High-temperature superconducting coated conductors (CCs) are considered an enabling ultra-high field (UHF) tape-conductor technology due to their extremely high engineering current densities at very high magnetic fields and low temperatures, and high mechanical strength. A major challenge is however related to induction of problematically large superconducting screening currents (as an effect of the large width-to-thickness ratio) when the wide tape conductors are exposed to strong transverse magnetic fields above 20 T, which is the case in many UHF magnet systems. Subdividing the superconducting layer into narrow parallel decoupled filaments has been shown to effectively reduce superconducting screening currents by a factor comparable to the number of filaments. The filamentization is however not effective until the induced coupling currents flowing across the filaments have decayed. The effectiveness of the multifilamentary structure in suppressing coupling currents and reducing the decay time constants is directly linked to potential current paths between filaments. Very recent experimental and numerical studies have examined both the challenge of magnet precision, caused by screening-current-induced fields, and the fatal consequences of local uneven tape stresses exceeding the irreversible limits for commercial CCs. These studies have conclusively revealed that screening currents must not be ignored in the mechanical design and other studies have introduced multifilamentary CCs as a viable solution. This paper aims to review the efforts made in developing and investigating multifilamentary CCs for ultra-high field applications focusing on the screening-current-related mechanisms, critical system-level effects, effectiveness of filamentization in UHFs, fabrication and large-scale analysis of multifilamentary CCs, in addition to providing cost estimates of previously studied filamentized CC fabrication techniques.

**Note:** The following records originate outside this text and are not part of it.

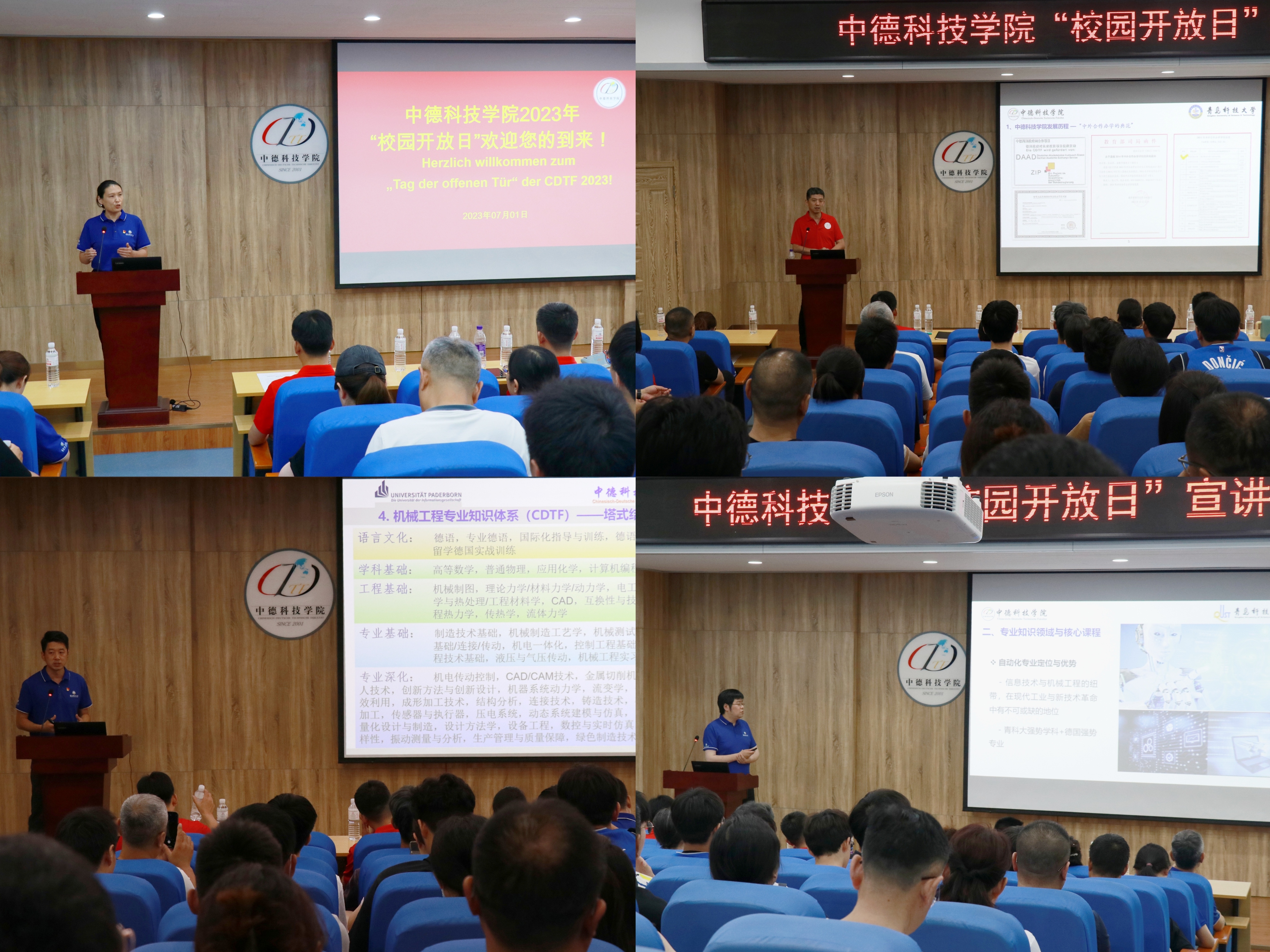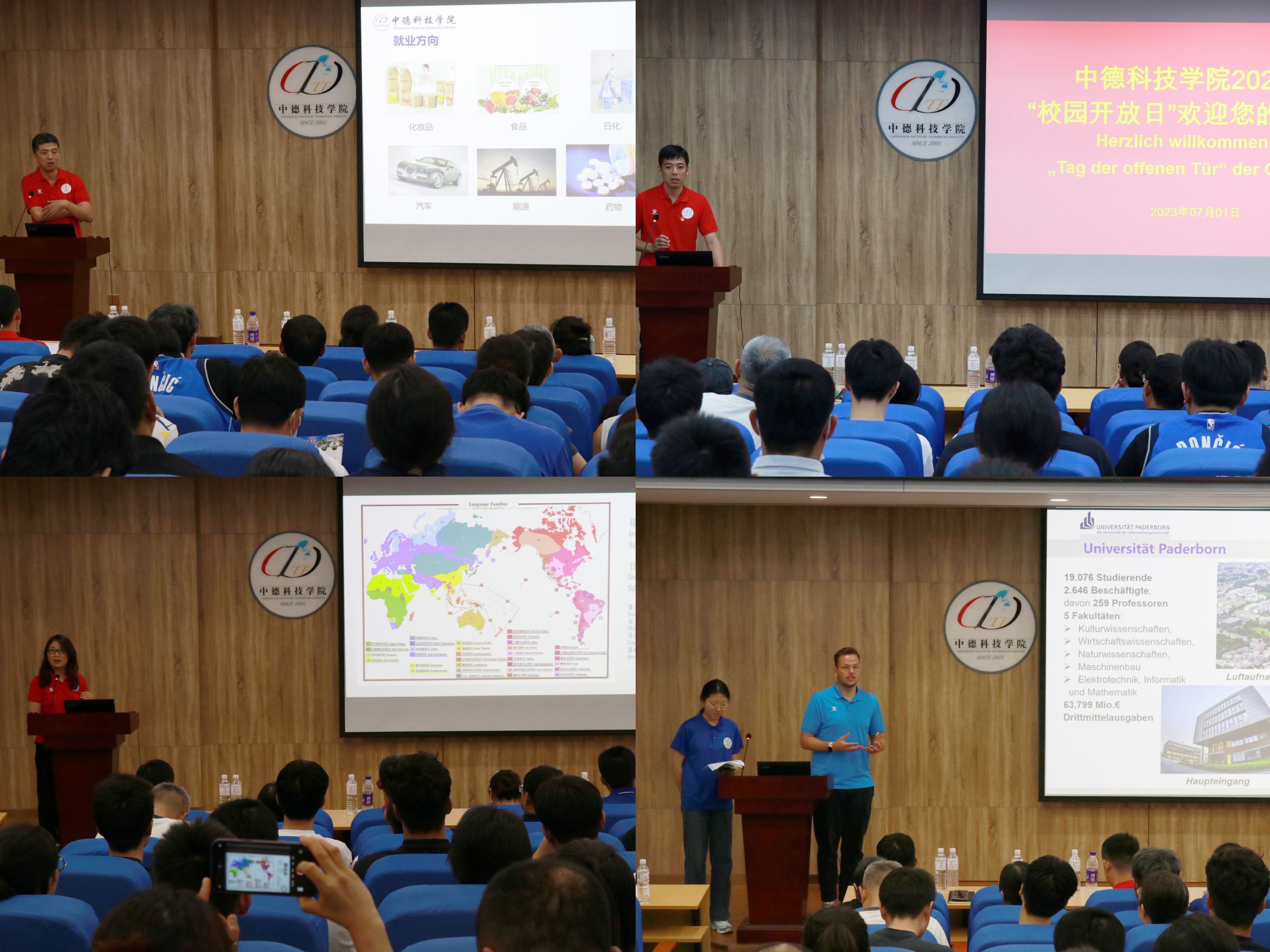机械工程教研室主任曲之超、自动化教研室主任柴文楠、应用化学教研室负责人杨子江老师分别从人才培养目标、德国学科专业、德方合作院校、专业知识体系、员工就业前景及德国校园印象等方面做了专业介绍;德语教研中心副主任赵乾老师从德语团队、德语学习、德语分级教学、德语口语角、中德下午茶等方面让考生及家长充分感受德语的语言魅力;“在华机械工程”硕士项目职工代表丹尼尔博士从项目背景、专业知识学习、助教工作、德国大公司园生活等方面向考生及家长生动展示了公司合作大学帕德博恩大学的相关情况。
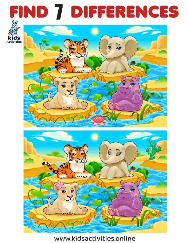 Activities For Kids Printable. Find The Differences Animals 60 | Dots
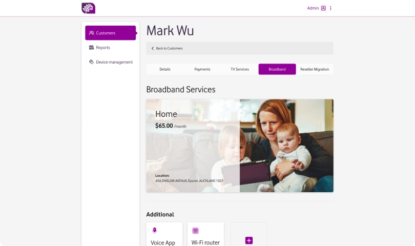 The admin panel allows managers to view all customers, their info, and event logs. Customer Account actions include but are not limited to activating, deactivating, and changing payment methods, subscriptions, TV devices, etc. Managers can also add and remove channel packages with detailed information like name, cost, status, channels included, discounts, etc.
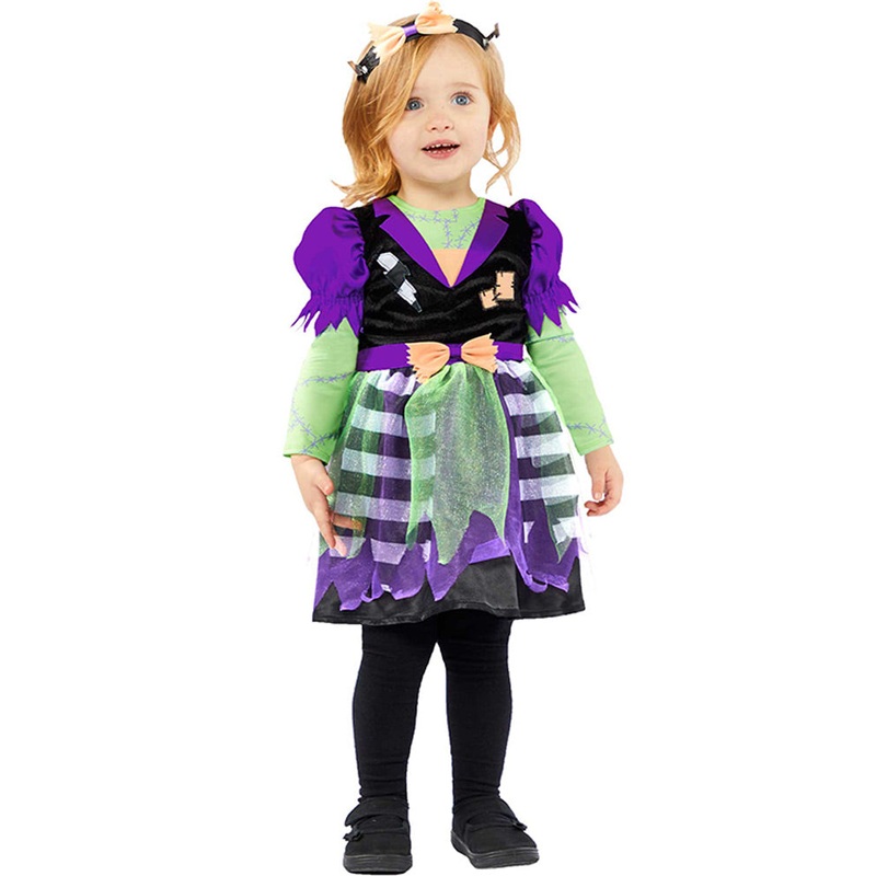 Item Includes:Headband.Dress.Fit and Sizing:See size chart image for details.Fabrics and Care:100% Polyester.Hand wash, hang dry.Please note: Tights and shoes are not included.I'm a monster!Be a cute and cuddly monster this Halloween in this Little Miss Fr
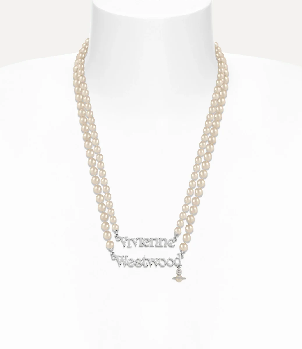 Vårt silverfärgade Man. Emilio-halsband har två rader av glittrande Swarovski-pärlor som ger en känsla av storhet och lyx. I mitten har designen det karakteristiska ”Vivienne Westwood”-bokstavsmotivet, från vilket en hängande pärlklotcharm hänger.
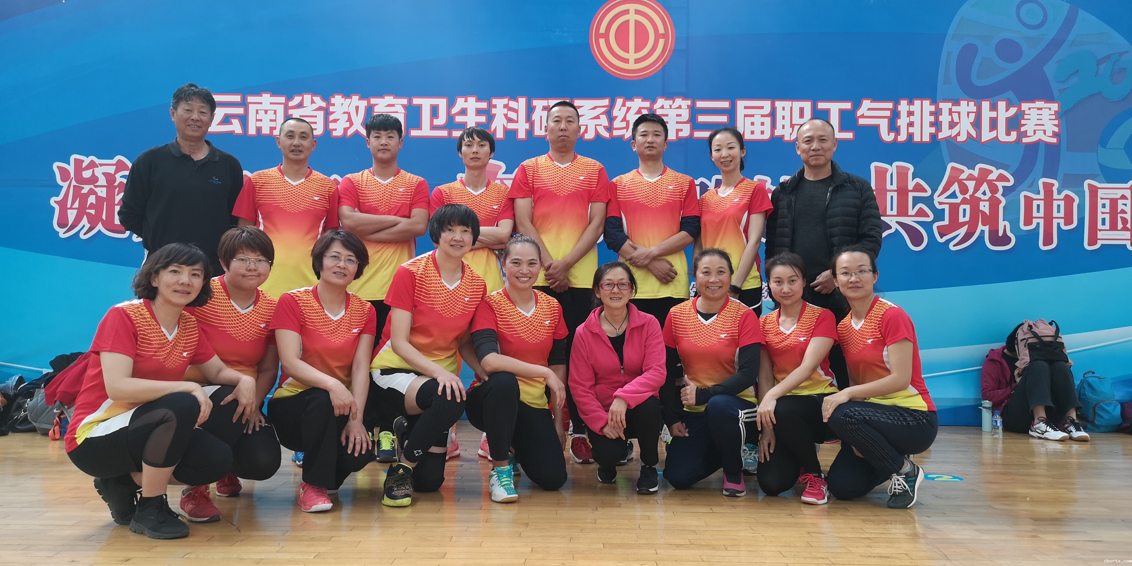 11月19日~11月23日,云南省第三届教育卫生科研系统气排球赛在云南师范大学举行,我校男女教职工代表队参加了比赛,经过了5天9场比赛,我校女队荣获教育B组第二名的好成绩,男队在本届比赛中晋升到教育A组,虽然没有取得优异的名次,但在比赛中敢打敢拼,赛出了水平赛出了风格。
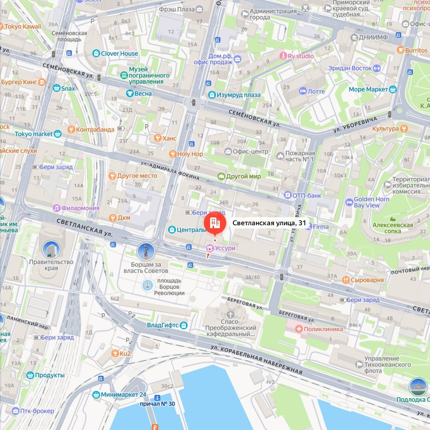 Адрес: г. Владивосток, ул. Светланская, д. 31, кв. 2а
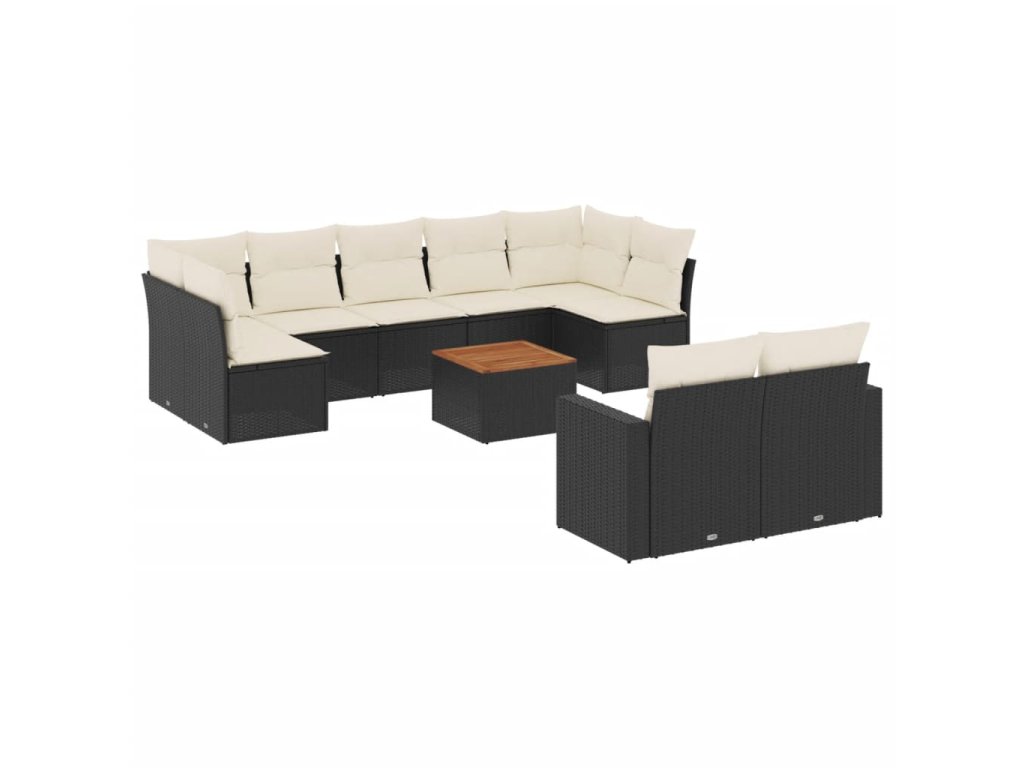 10dílná zahradní sedací souprava s poduškami černá polyratan 3224271
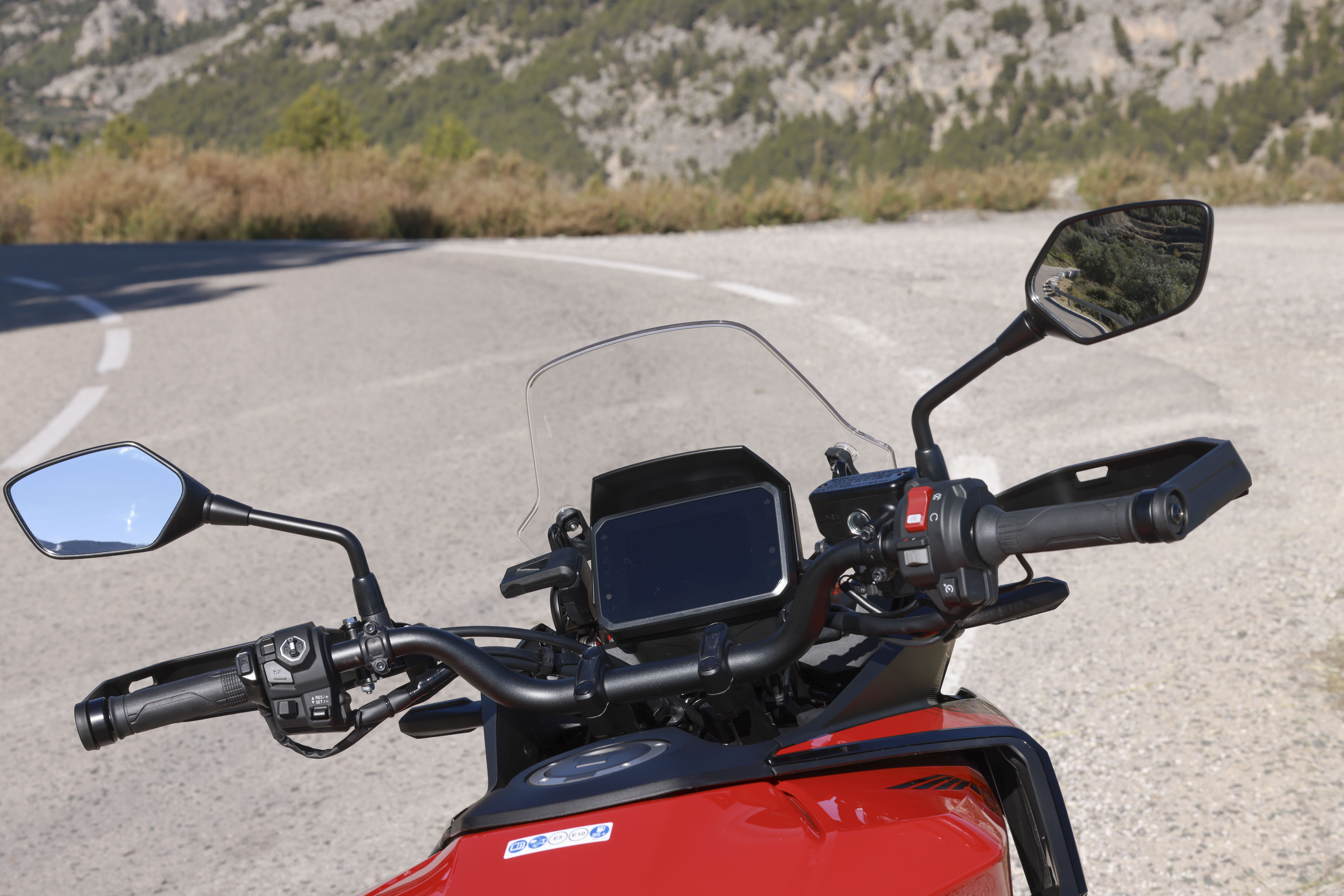 La bulle haute fait aussi partie de la dotation. Elle est plus large également dans sa partie supérieure. De petits déflecteurs haut et bas, parfaitement intégrés, augmentent le protection du buste. Par contre, les pare-mains d’origine sont plus symboliques que réellement protecteurs en cas de froid, mais le leviers sont bien protégés, c’est déjà ça. Les poignées chauffantes s’occuperont du reste. Font aussi partie du pack confort les feux longue portée, dont le commutateur se trouve à l’intérieur du cockpit côté gauche, à l’opposé de la prise USB-C. De quoi envisager l’autoroute en toute sérénité ? Nous n’allons pas tarder à le savoir.
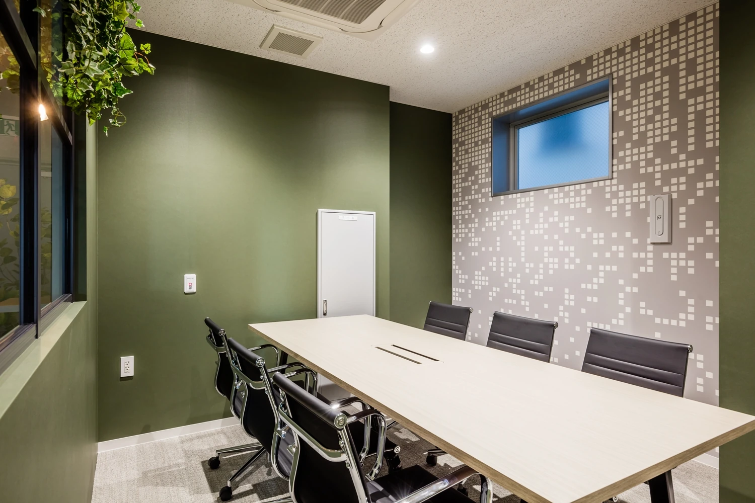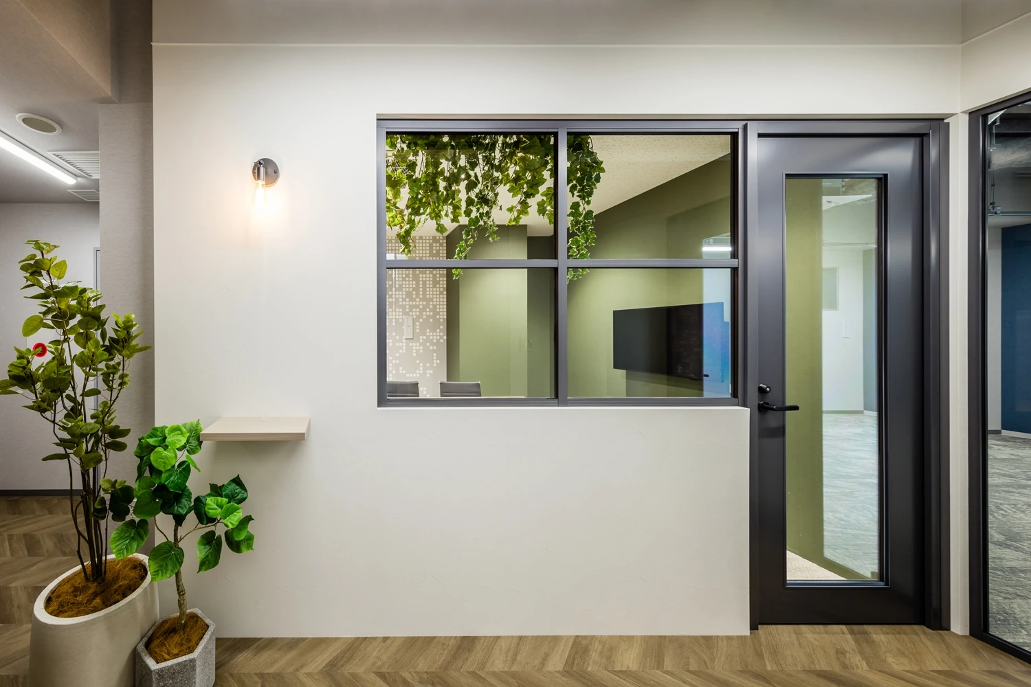 躯体の形を活かしながらエントランスはコンパクトにまとめ、ワークスペースを広く確保することで開放感のある印象を目指しました。コンセプトである『first period.』は、入居したお客様が25坪の空間をきっかけに新たな第一歩を踏みだせるよう「拠点」という意味が込められています。採光がとれる窓を大きく確保したエリアには、カフェのように使えるリフレッシュスペースを配置しました。6階、8階に関してはハーフセットアップオフィスになっているため、入居者の好みによって家具やレイアウト変更ができ、選択肢が広がる仕様となっています。デザインは既存の素材を活かしつつナチュラルで柔らかい色味のマテリアル、植栽を各所に取り入れることで親しみやすく心地よい空間に仕上げました。また、さまざまな事業の企業様に活用イメージを持ってもらえるよう各階のデザインパターンを変えることで、企業イメージによって空間を選択できるような工夫も行っています。
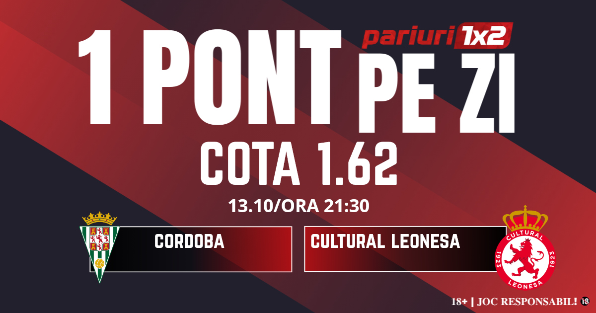Pentru rubrica Un Pont pe Zi mergem la meciul dintre Cordoba și Cultural Leonesa, partidă contând pentru etapa cu numărul 9 din La Liga 2, al doilea eșalon al fotbalului din Spania. Duelul dintre cele două formații va avea loc pe Estadio Nuevo Arcángel din Córdoba, începând cu ora 21.30. Gazdele au revenit în liga a 2-a dar parcursul nu este unul foarte bun. Fosta formație a lui Bogdan Andone ste abia pe locul 19 cu doar 9 puncte acumulate și se va lupta pentru menținerea în acest eșalon. De partea cealaltă, oaspeții stau și mai rău fiind pe poziția a 21-a cu doar 8 puncte. Leonesa este o echipă a contrastelor având victorii pe terenul celor de la Valladolid și Santander, formații cu pretenții, dar și înfrângeri cu Burgos sau Castellon. Mizăm pe un meci echilibrat, iar pronosticul nostru este Cordoba marchează 1-2 goluri.

高温超导涂层导体 (CC) 被认为是一种实现超高场 (UHF) 带状导体技术，因为它们在非常高的磁场和低温下具有极高的工程电流密度以及高机械强度。然而，当宽带状导体暴露于 20 T 以上的强横向磁场时，一个主要的挑战是与有问题的大超导屏蔽电流的感应有关（作为大宽厚比的影响），这在许多情况下都是如此。超高频磁铁系统。已证明将超导层细分为狭窄的平行去耦细丝可以有效降低超导屏蔽电流，其系数与细丝数量相当。然而，在流过灯丝的感应耦合电流衰减之前，灯丝化是无效的。复丝结构在抑制耦合电流和减少衰减时间常数方面的有效性与灯丝之间的潜在电流路径直接相关。最近的实验和数值研究已经检验了由屏蔽电流感应场引起的磁体精度挑战，以及局部不均匀胶带应力超过商业 CC 不可逆极限的致命后果。这些研究最终表明，在机械设计中绝不能忽略屏蔽电流，其他研究已经引入多丝 CC 作为可行的解决方案。